PROBLEM DESCRIPTION: Below are some records; give them all again exactly, but not the pictures.

EXERCISE INPUT:
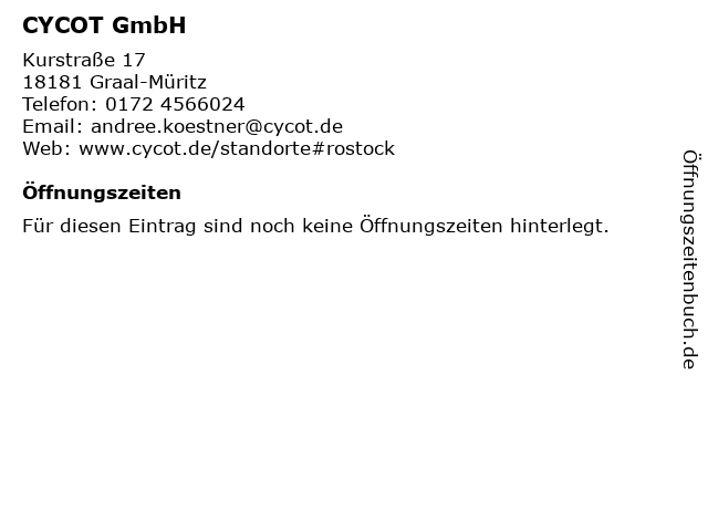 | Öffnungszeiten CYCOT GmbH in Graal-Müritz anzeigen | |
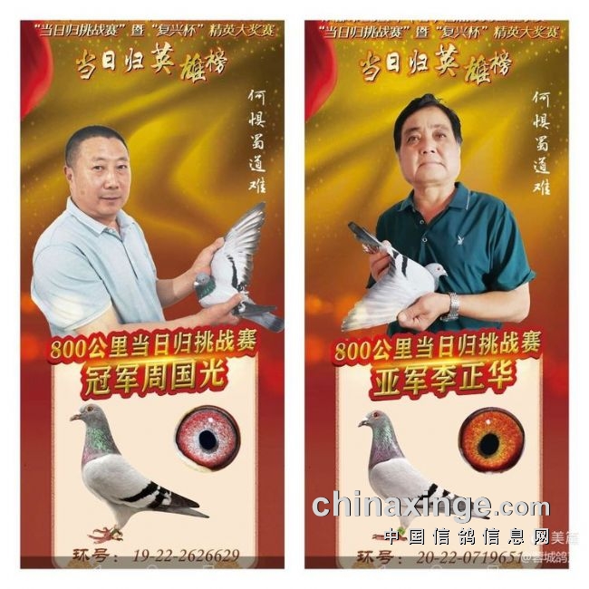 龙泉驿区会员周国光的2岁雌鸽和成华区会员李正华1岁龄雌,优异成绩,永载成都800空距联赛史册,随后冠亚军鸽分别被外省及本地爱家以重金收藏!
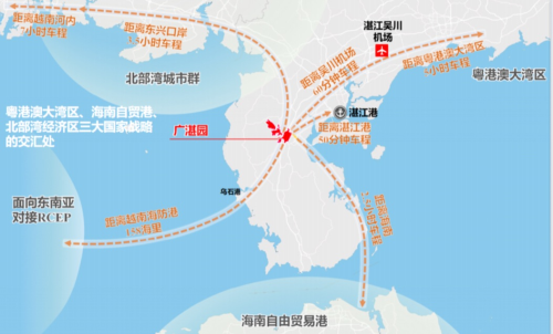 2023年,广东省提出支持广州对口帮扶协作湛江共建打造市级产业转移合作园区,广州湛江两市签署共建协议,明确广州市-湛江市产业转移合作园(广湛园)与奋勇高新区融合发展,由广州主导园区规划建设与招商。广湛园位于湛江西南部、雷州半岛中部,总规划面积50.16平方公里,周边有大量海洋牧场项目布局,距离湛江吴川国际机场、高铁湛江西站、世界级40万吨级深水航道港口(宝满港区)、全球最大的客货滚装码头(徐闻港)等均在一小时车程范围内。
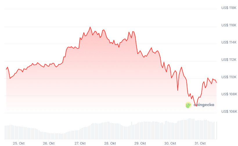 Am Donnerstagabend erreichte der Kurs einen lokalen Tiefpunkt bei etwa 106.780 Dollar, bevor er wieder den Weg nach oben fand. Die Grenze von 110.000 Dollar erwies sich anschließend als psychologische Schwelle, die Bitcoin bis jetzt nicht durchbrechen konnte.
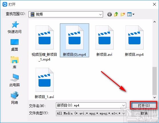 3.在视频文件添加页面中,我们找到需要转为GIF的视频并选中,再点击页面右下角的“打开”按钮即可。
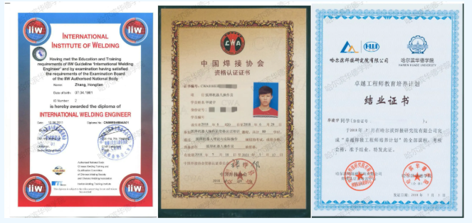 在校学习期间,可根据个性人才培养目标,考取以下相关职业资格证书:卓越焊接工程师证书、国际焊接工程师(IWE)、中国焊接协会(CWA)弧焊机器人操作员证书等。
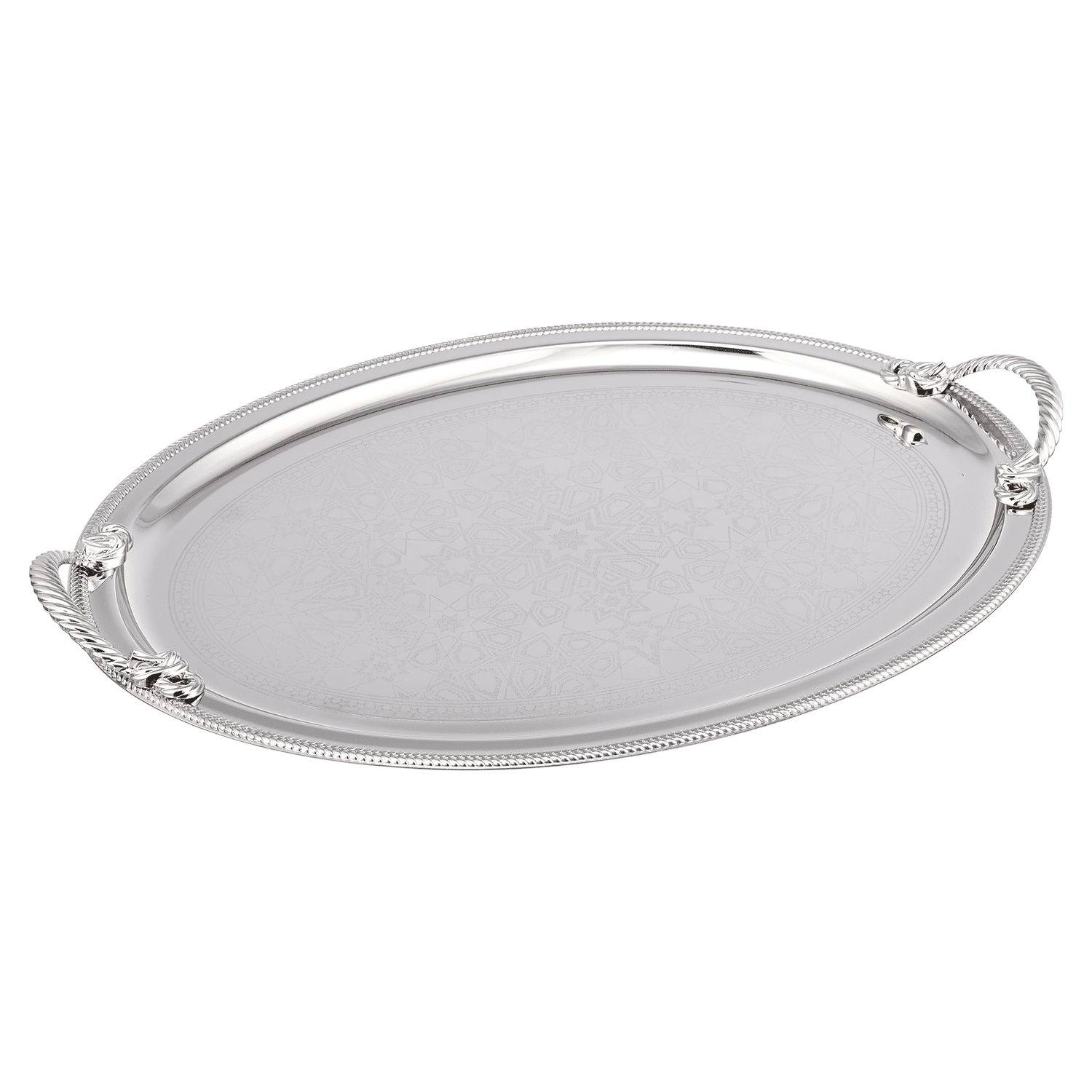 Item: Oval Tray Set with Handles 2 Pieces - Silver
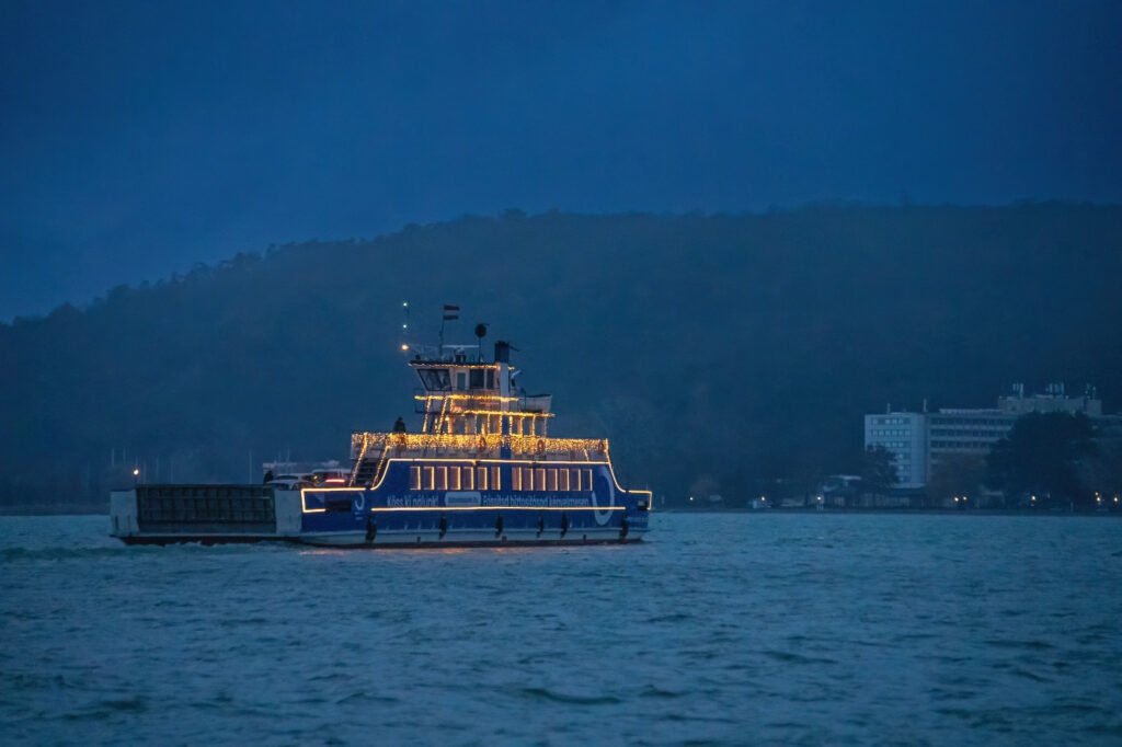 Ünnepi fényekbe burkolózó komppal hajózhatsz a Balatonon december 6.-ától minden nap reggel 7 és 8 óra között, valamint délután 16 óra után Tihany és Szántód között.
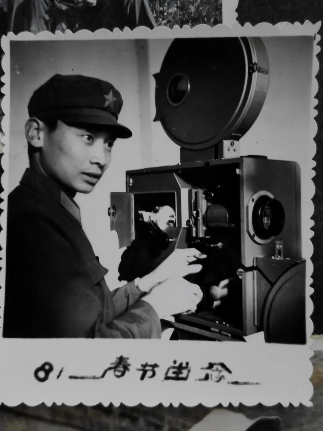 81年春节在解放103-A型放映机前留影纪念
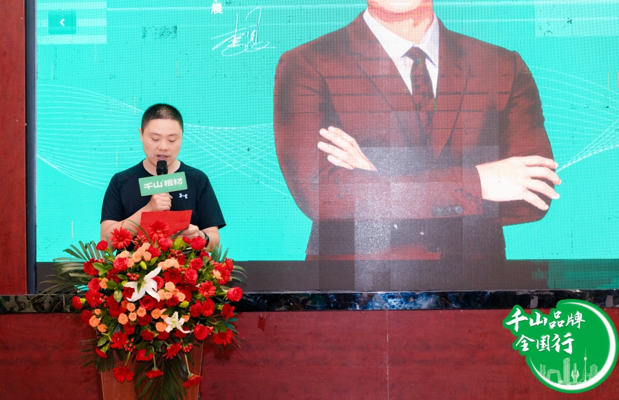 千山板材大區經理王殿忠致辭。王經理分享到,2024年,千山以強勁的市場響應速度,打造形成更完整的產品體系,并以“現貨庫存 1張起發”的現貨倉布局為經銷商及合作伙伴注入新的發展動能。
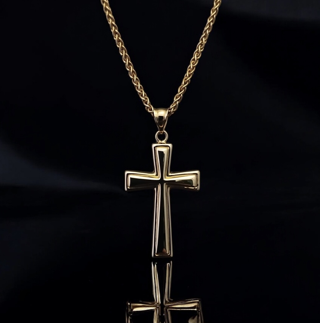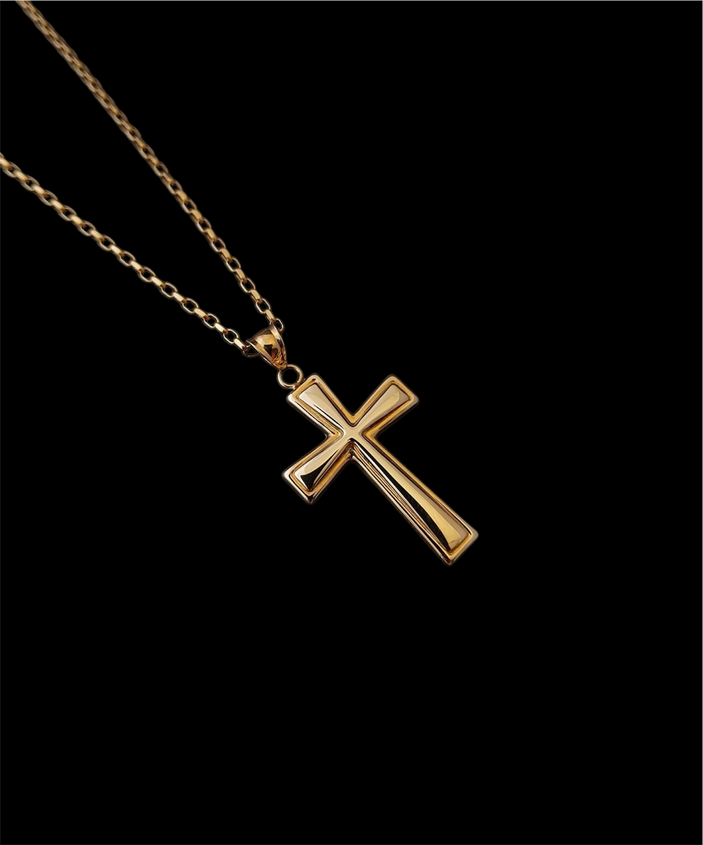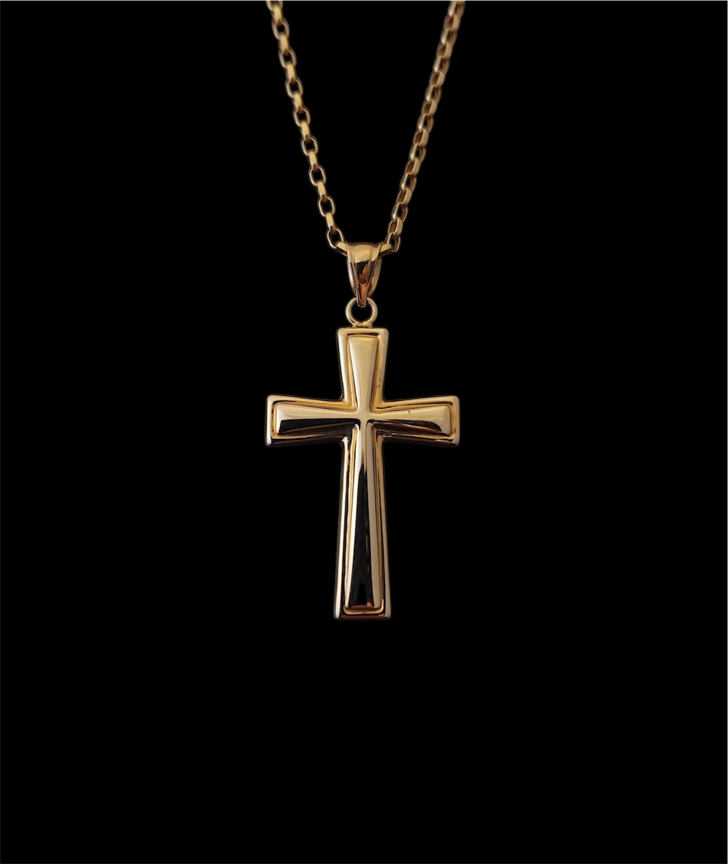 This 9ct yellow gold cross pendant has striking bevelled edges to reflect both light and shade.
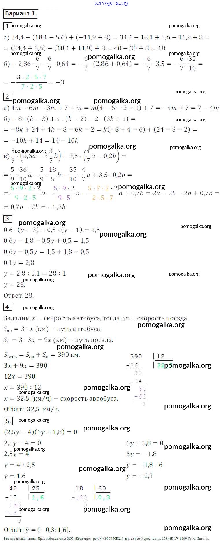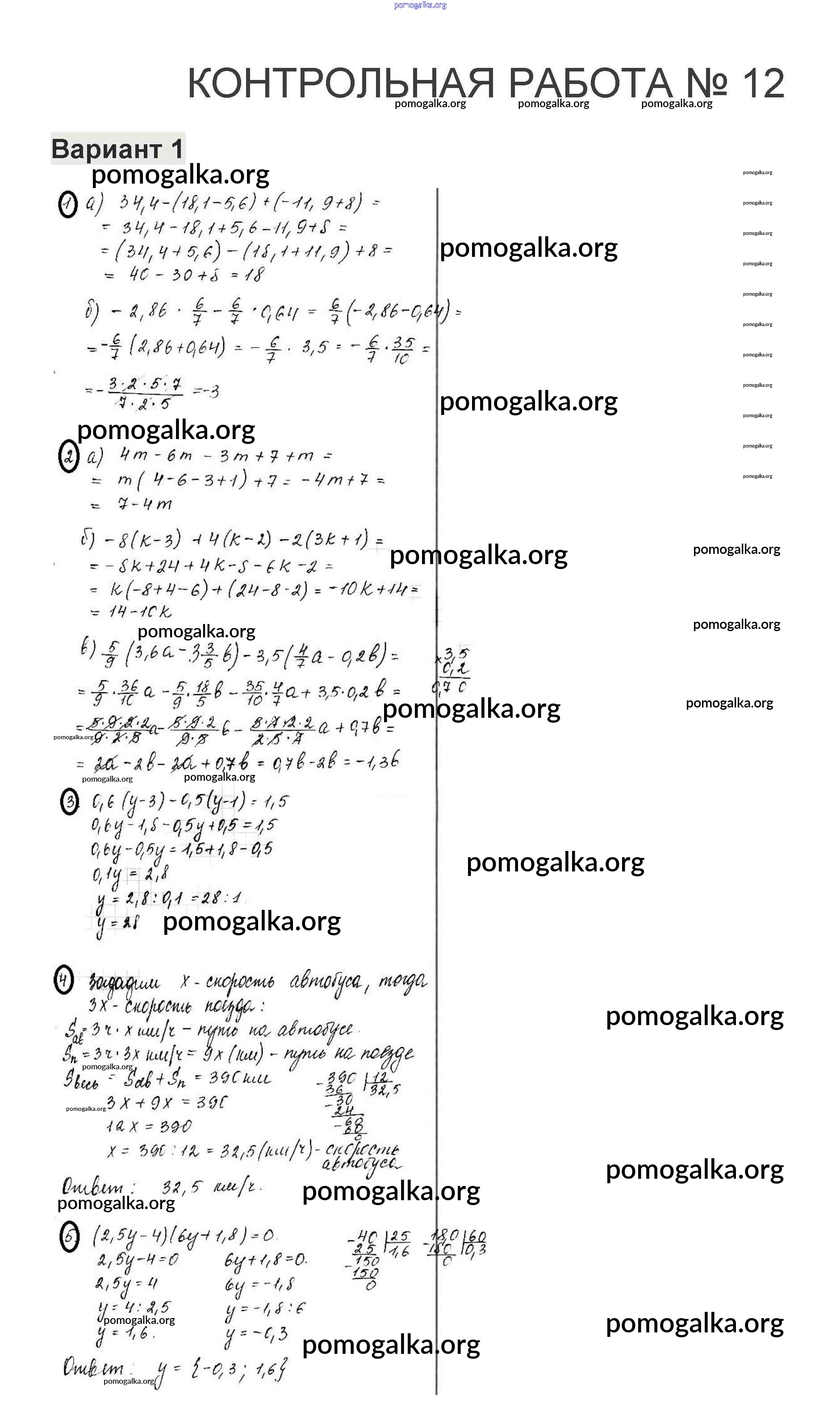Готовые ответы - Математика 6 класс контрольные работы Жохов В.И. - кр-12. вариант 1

SOLVED PROBLEM:
 | Öffnungszeiten CYCOT GmbH in Graal-Müritz anzeigen | |
 龙泉驿区会员周国光的2岁雌鸽和成华区会员李正华1岁龄雌,优异成绩,永载成都800空距联赛史册,随后冠亚军鸽分别被外省及本地爱家以重金收藏!
 2023年,广东省提出支持广州对口帮扶协作湛江共建打造市级产业转移合作园区,广州湛江两市签署共建协议,明确广州市-湛江市产业转移合作园(广湛园)与奋勇高新区融合发展,由广州主导园区规划建设与招商。广湛园位于湛江西南部、雷州半岛中部,总规划面积50.16平方公里,周边有大量海洋牧场项目布局,距离湛江吴川国际机场、高铁湛江西站、世界级40万吨级深水航道港口(宝满港区)、全球最大的客货滚装码头(徐闻港)等均在一小时车程范围内。
 Am Donnerstagabend erreichte der Kurs einen lokalen Tiefpunkt bei etwa 106.780 Dollar, bevor er wieder den Weg nach oben fand. Die Grenze von 110.000 Dollar erwies sich anschließend als psychologische Schwelle, die Bitcoin bis jetzt nicht durchbrechen konnte.
 3.在视频文件添加页面中,我们找到需要转为GIF的视频并选中,再点击页面右下角的“打开”按钮即可。
 在校学习期间,可根据个性人才培养目标,考取以下相关职业资格证书:卓越焊接工程师证书、国际焊接工程师(IWE)、中国焊接协会(CWA)弧焊机器人操作员证书等。
 Item: Oval Tray Set with Handles 2 Pieces - Silver
 Ünnepi fényekbe burkolózó komppal hajózhatsz a Balatonon december 6.-ától minden nap reggel 7 és 8 óra között, valamint délután 16 óra után Tihany és Szántód között.
 81年春节在解放103-A型放映机前留影纪念
 千山板材大區經理王殿忠致辭。王經理分享到,2024年,千山以強勁的市場響應速度,打造形成更完整的產品體系,并以“現貨庫存 1張起發”的現貨倉布局為經銷商及合作伙伴注入新的發展動能。
 This 9ct yellow gold cross pendant has striking bevelled edges to reflect both light and shade.
Готовые ответы - Математика 6 класс контрольные работы Жохов В.И. - кр-12. вариант 1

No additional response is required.